В первую зиму я не рассчитала количество необходимых запасов провизии, но умереть с голоду мне не дали, а дальше я перестала замечать бег времени. Шли годы. Мне очень нравилась моя новая свободная жизнь в этом ничем не примечательном поселке, нравился и старый бревенчатый дом, и мелкие сладкие яблоки из собственного сада, и простоватые, но добрые люди (в большинстве своём). Дом, который мне был обещан в первый день пребывания в Тополевке, так и оставался за родственниками мертвого фельдшера. Я планировала скопить денег, и выкупить его у сельсовета. Но пока суммы, которую я сумела собрать, явно не хватало. Односельчане в основном платили за услуги продуктами и изделиями собственного производства. А вот рабовладельцы расплачивались деньгами. Благодаря им в моём доме появился мужчина. Постоянно грязные и пьяные селяне меня не интересовали, и завести семью с кем-то из них не представлялось мне соблазнительным. Брезгливость по отношению к нечистоплотности была впитана мной в миссии красного креста и стала первой заповедью. А окружающие меня мужчины были порой так грязны, что я удивлялась, как они поголовно не стали моими пациентами. Вероятно, благодаря тому, что регулярно дезинфицируют себя изнутри самогоном.

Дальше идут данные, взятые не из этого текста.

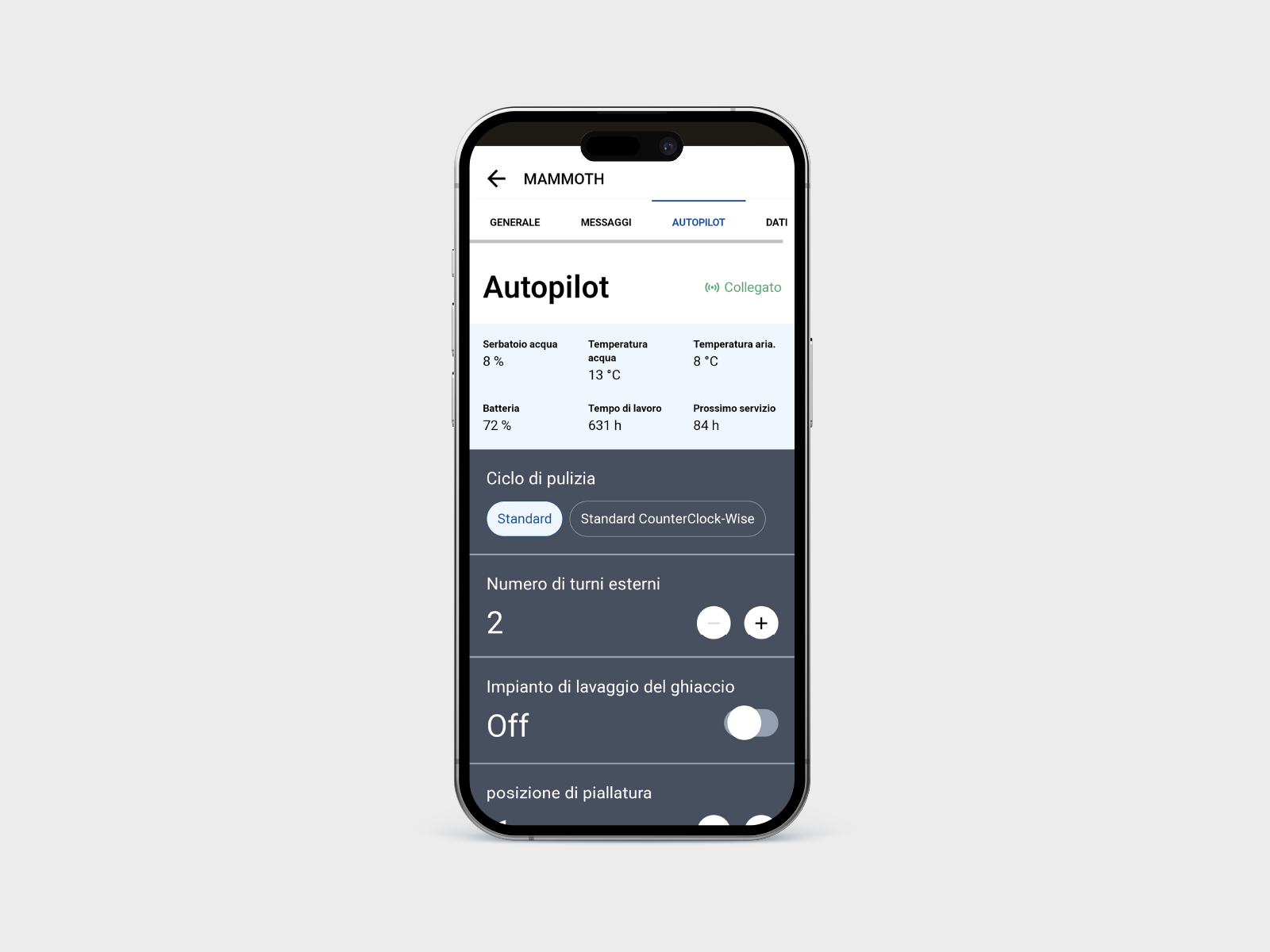 Le rasaghiaccio e quindi il sistema Autopilot dispone di un avanzato sistema di posizionamento. Sensori strategici sono posti sia sulla macchina che nell’arena mentre un’unità di calcolo ad alta capacità gestisce una mole impressionante di dati per la guida autonoma. Questa tecnologia permette interventi precisi e puntuali sul ghiaccio, eliminando possibili ritardi. La gestione avviene comodamente via smartphone con Connect, offrendo una varietà di schemi di pulizia per una superficie impeccabile.

Однажды за мной пришел человек с ружьем. Он вошел не стучась, положил на стол несколько крупных купюр и приказал немедленно взять аптечку идти за ним. В километре от поселка, в том самом лесу, где я несколько лет назад пережила одну из самых страшных ночей в своей жизни, расположились лагерем около сотни людей. Большая часть их была в плачевном состоянии, тощие, ослабевшие, у многих была повышена температура и воспалены глаза. С этим заболеванием я уже сталкивалась, но антибиотиков в необходимом количестве у меня в наличие не было. Я выписала названия необходимых лекарств на лист и передала человеку, который меня привел:

- Нужно купить эти препараты и как можно быстрее, отправьте кого-то в город. В окрестных поселках медикаментов не найти. Пока я займусь самыми тяжелыми больными, и мне нужно, чтоб кто-то помог мне общаться с ними, они не понимают ни слова по-русски.
- Я направлю к вам мальчишку, который будет переводить и поможет с лечением. Как только лекарства доставят, вас известят.
- Вы, похоже, еще не заражены.  Советую одеть маску, - я вытащила из аптечки и протянула ему марлевую повязку, такую же, как была надета на мне, - и как можно меньше контактировать с больными.

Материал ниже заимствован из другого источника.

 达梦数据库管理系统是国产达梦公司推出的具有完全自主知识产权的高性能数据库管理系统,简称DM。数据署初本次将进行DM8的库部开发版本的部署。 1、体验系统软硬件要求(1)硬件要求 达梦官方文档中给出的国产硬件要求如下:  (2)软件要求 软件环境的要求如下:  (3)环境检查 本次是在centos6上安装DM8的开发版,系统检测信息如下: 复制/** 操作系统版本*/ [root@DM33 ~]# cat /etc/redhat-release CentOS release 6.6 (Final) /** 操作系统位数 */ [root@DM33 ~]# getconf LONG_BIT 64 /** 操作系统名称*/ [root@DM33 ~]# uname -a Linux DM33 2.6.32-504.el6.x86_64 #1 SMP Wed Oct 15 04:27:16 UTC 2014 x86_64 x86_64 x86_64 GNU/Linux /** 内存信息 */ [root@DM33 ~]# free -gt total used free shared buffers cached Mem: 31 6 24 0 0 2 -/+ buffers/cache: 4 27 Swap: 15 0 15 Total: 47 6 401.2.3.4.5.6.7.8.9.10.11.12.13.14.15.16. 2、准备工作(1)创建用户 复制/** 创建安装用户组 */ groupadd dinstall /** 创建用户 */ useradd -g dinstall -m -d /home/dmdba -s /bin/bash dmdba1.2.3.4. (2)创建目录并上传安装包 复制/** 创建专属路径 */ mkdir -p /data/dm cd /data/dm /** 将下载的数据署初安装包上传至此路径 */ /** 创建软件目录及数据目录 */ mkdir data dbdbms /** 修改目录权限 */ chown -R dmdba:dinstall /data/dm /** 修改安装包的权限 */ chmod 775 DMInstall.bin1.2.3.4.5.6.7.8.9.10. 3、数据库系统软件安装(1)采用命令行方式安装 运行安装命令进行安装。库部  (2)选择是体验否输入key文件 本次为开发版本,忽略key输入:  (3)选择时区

Мальчика лет десяти, которого прислали мне в помощь я тоже заставила надеть маску. Он достаточно бойко говорил на английском с больными рабами, но было ясно, что для них английский – не родной язык, почти у всех слышался грубый акцент. Из того, что я увидела и услышала, можно было сделать вывод, что рабы были когда-то солдатами, воевавшими с союзом, затем попали в плен и им нашли применение на фермах, а сейчас перегоняли на новое место. Так же с их слов, получалось, что захватили их около года назад, и война до сих пор продолжается, но в наши краях ни о какой войне речи не было. Мне пришлось задержаться в этом лагере на двое суток, и спала я от силы часа три. Уход за таким количеством больных происходил на грани моих возможностей, и чумазый мальчишка, Илья, очень помог мне. Когда ситуация стабилизировалась, и мои пациенты были способны продолжить путь, Илья попросил спасти его, помочь обрести свободу.

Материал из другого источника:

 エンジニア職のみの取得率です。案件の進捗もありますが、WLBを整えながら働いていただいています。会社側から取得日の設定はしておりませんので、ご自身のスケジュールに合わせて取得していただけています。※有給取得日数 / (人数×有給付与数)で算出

Тогда, при прощании с человеком, который нанял меня, я сообщила, что Илья не сможет продолжить путь, так как находится на первой стадии заболевания, и пройдет еще несколько дней прежде чем он выздоровеет, и это если не возникнет осложнений. Я предложила вернуть деньги, полученные за работу в обмен на этого мальца. Однако тот заявил, что ждать, пока я схожу за деньгами ему некогда, и он оставит Илью, а хозяину сообщит, что он умер в числе прочих. Оказалось, на момент когда ко мне обратились, двое рабов успели умереть. И умерло бы намного больше, если б не оказалось в окрестностях врача.

Так у меня появился помощник, который быстро стал моей семьёй. Он не любил говорить о своем прошлом, как и я. Сказал только, что его отец был охотником, их поймали в лесу, который оказался частной собственностью, отца убили при попытки к бегству, а его приспособили для мелких поручений. Откуда ему известен английский язык, он так и не признался. От медицины паренёк был далек, и разбираться в этой науке не желал, но в бытовых вопросах на него можно было положиться. А из нашего небольшого леса часто приносил пойманных силками кроликов, подтверждая свою историю об охотничьем прошлом.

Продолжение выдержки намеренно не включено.